Wallstrom’s group used a statistical method known as Monte Carlo simulation to compare the performance of eight selection methods commonly used to identify cancer biomarkers. To theoretically assess the effect of disease heterogeneity on biomarker selection, the eight methods were applied to both monotypic and heterogeneous diseases using single-stage and two-stage designs. Next, the group applied the chosen selection methods to an actual biomarker screening study of heterogeneous breast cancer cases.
Traditionally, protein biomarkers are established through the examination of a large pool of candidates, using disease-positive cases and disease negative controls. When the number of candidate biomarkers to be screened is very large, a two-stage strategy may be used. In this case, stage 1 reduces the biomarker library to a manageable number of best cases using a moderate number of patients and controls while stage 2 further narrows the biomarker pool, using the remaining patients and controls.
The new study examined the statistical power of each selection method. (Statistical power measures the likelihood that the test will detect a particular effect when such an effect exists.) In the case of homogeneous diseases, biomarker performance depends on small distributional shift between healthy and disease-positive cases. For heterogeneous diseases however, a large statistical signal is observed in a small subpopulation of cases.
For larger studies, two-stage selection methods proved the most efficient, providing nearly the same statistical power as single-stage studies, at significantly lower cost. In both 1- and 2-stage studies, Wallstrom considered a pool of 10,000 candidate biomarkers. Roughly twice as many cases and controls were required for heterogeneous disease and the most effective of the eight statistical screening methods differed for monotypic and heterogeneous disease.
In follow-up experiments, the group compared the performance of the eight selection methods for an actual breast cancer screening study. Blood samples from 102 early stage breast cancer patients and 77 controls were used to screen 761 antigens. The experiments were carried out using a microarray technology known as NAPPA, developed by Joshua LaBaer, who directs the Biodesign Institute’s Virginia G. Piper Center for Personalized Diagnostics. (With NAPPA, DNA templates are printed on the microarray slide, allowing proteins to be expressed at the time of experiment, rather than laboriously purified beforehand.)
Revising tactics for diagnosis
Results of the new research clearly underline the fact that selection of an optimal screening method for biomarker discovery is critically dependent on the monotypic or heterogeneous nature of the disease in question. For example, a method known as PAUC produced poor results for homogeneous disease but delivered the best results of the eight methods for heterogeneous diseases, given large sample sizes. Similarly, the Mann-Whitney and AUC tests produced good results for homogenous diseases but very poor results for heterogeneous disease.
The research demonstrates that 70 percent statistical power may be achieved with 50 cases and 50 controls, provided the disease is monotypic.
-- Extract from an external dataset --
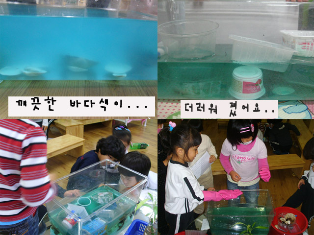 바다 물을 만들어 놓고 수족속의 물은 하루가 다르게 탁해져 갑니다. 변해가는 수조속의 물을 보면서 아이들은 어떤 생각을 할까요?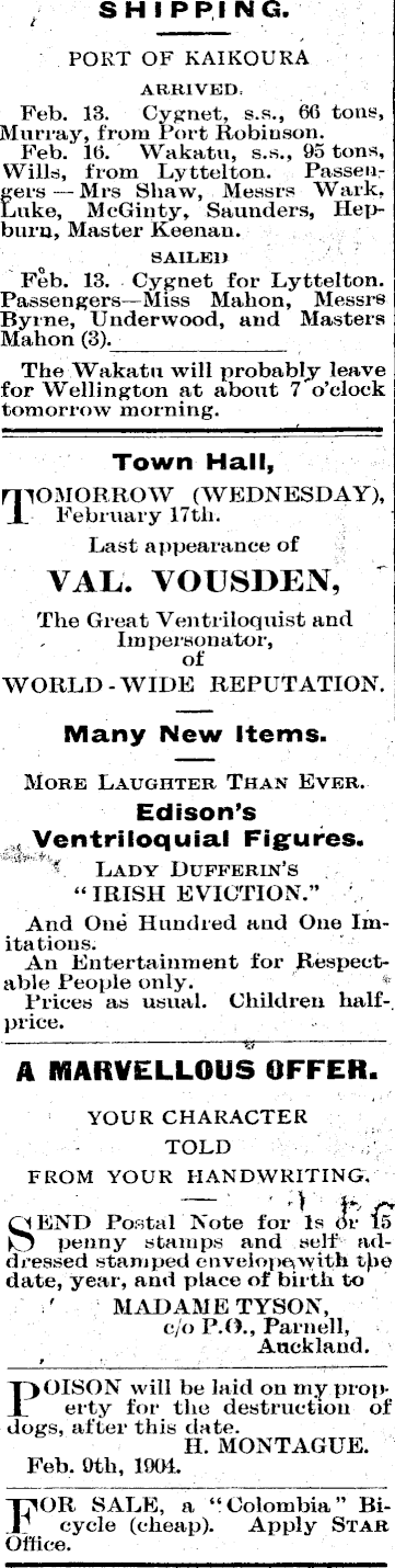 SHIPPING. PORT OF KAIKOURA ARRIVED. Feb. 13. Cygnet, s.s., 66 tons, Murray, from Port Robinson. Feb. 16. Wakatu, s.s., 95 tons, Wills, from Lyttelton. Passen£ers —Mrs Shaw, Messrs Wark, .tike, McGinty, Saunders, Hepburn, Master Keenan. SAILED Feb. 13. Cygnet for Lyttelton. Passengers—Miss Mahon, Messrs Byrne, Underwood, and Masters Mahon (3)._ The Wakatu will probably leave for Wellington at about 7 o’clock tomorrow morning. Town Hall, rpOMORROW (WEDNESDAY), X February 17th. Last appearance of VAL. VOUSDEN, The Great Ventriloquist and Impersonator, of WORLD - WIDE REPUTATION. Many New Items. More Laughter Than Ever. Edison’s Ventriloquial Figures. Lady Dufferin’s “ IRISH EVICTION.’’ And One Hundred and One Imitations. An Entertainment for Respectable People only. Prices as usual. Children half-, price. A MARVELLOUS OFFER. YOUR CHARACTER TOLD FROM YOUR HANDWRITING. ■ i f* z* SEND Postal Note for Is Or 15 penny stamps and self addressed stamped envelope with the date, year, and place of birth to MADAME TYSON, c/o P. 0., Parnell, Auckland. POISON will be laid on my property for the destruction of dogs, after this date. 11. MONTAGUE. Feb. 9th, 1904. FOR SALE, a “Colombia” Bicycle (cheap). Apply Star Office.

For heterogeneous diseases like breast cancer however, the same sample sizes yielded only 15 percent power—much too low to be useful. In fact, twice as many samples were required for heterogeneous diseases to achieve the same statistical power.
The authors stress that the study’s intention was not to find the single, optimal method of biomarker screening but instead to underscore the decisive role played by disease heterogeneity for biomarker screening. They further suggest that an evaluation of a method’s statistical power should be integral to the design of future screening studies.